### Data supplied
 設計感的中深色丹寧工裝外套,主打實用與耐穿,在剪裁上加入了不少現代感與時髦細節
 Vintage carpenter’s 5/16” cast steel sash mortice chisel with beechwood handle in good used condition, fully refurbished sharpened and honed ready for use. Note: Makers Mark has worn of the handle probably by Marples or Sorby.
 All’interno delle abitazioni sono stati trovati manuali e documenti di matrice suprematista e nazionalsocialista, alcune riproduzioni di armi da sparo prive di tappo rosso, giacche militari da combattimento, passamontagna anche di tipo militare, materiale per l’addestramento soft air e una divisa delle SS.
--
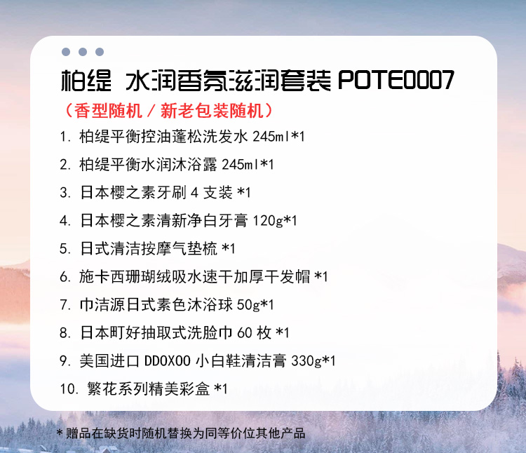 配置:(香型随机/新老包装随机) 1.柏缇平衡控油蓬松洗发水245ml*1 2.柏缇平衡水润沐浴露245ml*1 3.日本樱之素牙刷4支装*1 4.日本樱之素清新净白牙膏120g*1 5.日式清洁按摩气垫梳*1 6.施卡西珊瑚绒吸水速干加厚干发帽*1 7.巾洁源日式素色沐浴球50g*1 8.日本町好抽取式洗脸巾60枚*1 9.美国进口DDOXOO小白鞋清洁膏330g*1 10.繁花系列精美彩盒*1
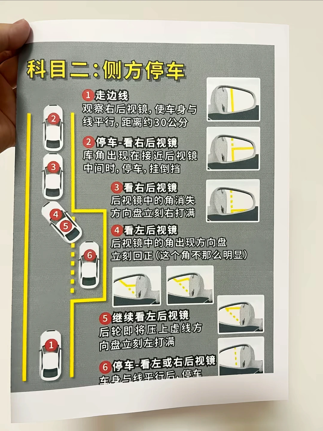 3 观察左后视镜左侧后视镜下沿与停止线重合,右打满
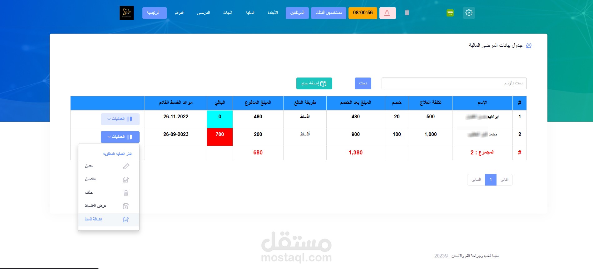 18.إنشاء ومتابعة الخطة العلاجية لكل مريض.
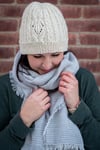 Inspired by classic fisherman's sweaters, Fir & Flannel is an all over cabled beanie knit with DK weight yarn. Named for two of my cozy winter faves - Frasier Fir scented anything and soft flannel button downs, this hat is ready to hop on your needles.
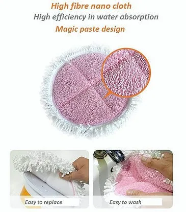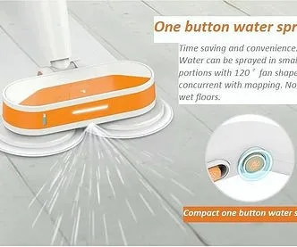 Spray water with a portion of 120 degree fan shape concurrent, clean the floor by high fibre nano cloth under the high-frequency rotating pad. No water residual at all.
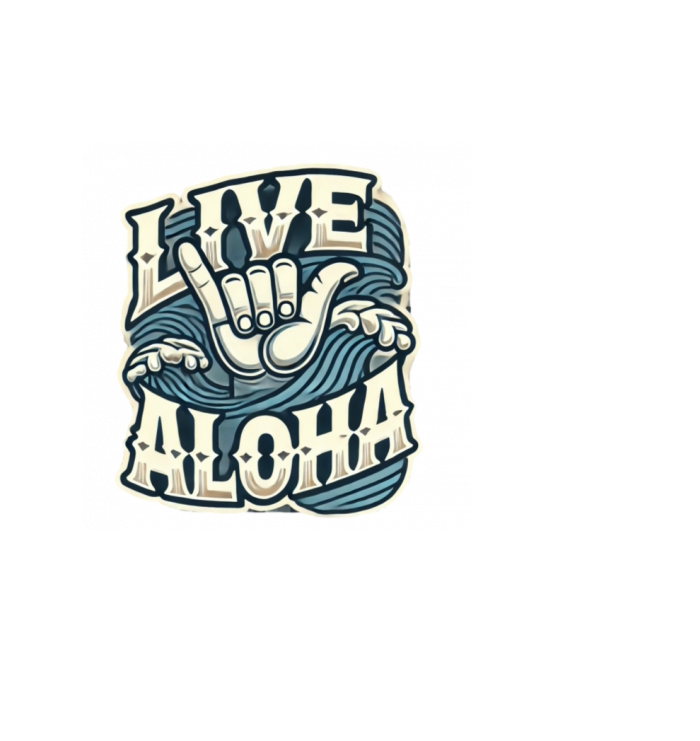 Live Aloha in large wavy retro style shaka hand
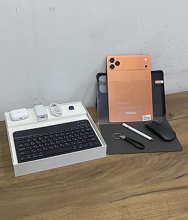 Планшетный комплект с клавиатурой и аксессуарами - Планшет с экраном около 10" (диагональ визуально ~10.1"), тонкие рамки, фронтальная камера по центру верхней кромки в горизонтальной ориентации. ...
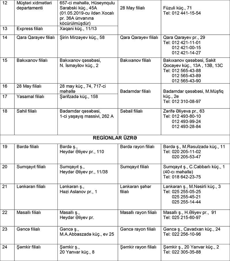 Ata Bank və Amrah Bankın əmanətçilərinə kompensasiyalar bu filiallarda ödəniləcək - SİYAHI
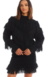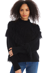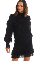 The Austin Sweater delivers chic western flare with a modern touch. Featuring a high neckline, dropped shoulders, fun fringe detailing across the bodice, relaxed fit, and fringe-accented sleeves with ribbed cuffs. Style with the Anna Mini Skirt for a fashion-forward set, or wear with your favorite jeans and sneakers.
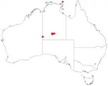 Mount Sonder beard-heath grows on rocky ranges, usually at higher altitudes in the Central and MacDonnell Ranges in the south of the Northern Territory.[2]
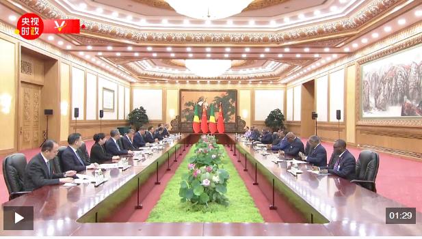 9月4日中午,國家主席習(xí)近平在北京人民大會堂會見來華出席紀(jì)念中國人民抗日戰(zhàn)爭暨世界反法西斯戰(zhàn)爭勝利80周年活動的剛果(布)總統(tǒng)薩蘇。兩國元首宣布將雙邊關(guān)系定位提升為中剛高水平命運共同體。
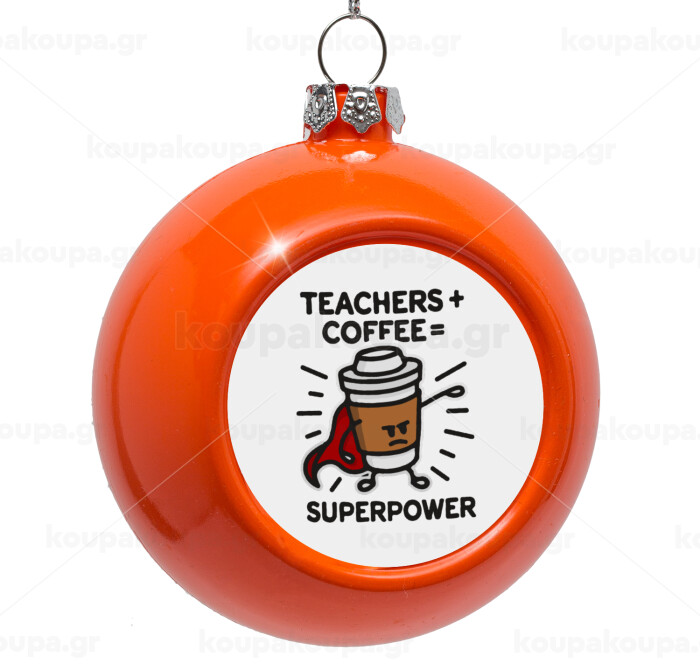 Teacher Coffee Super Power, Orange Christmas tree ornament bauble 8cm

### Task item
For this task, write out exactly the lines of the entries above, starting at the line with "設計感的中深色丹寧工裝外套,主打實用與耐穿,在剪裁上加入了不少現代感與時髦細節" and ending at the line with "Marples or Sorby.", both included, and no others.

### Exercise answer
 設計感的中深色丹寧工裝外套,主打實用與耐穿,在剪裁上加入了不少現代感與時髦細節
 Vintage carpenter’s 5/16” cast steel sash mortice chisel with beechwood handle in good used condition, fully refurbished sharpened and honed ready for use. Note: Makers Mark has worn of the handle probably by Marples or Sorby.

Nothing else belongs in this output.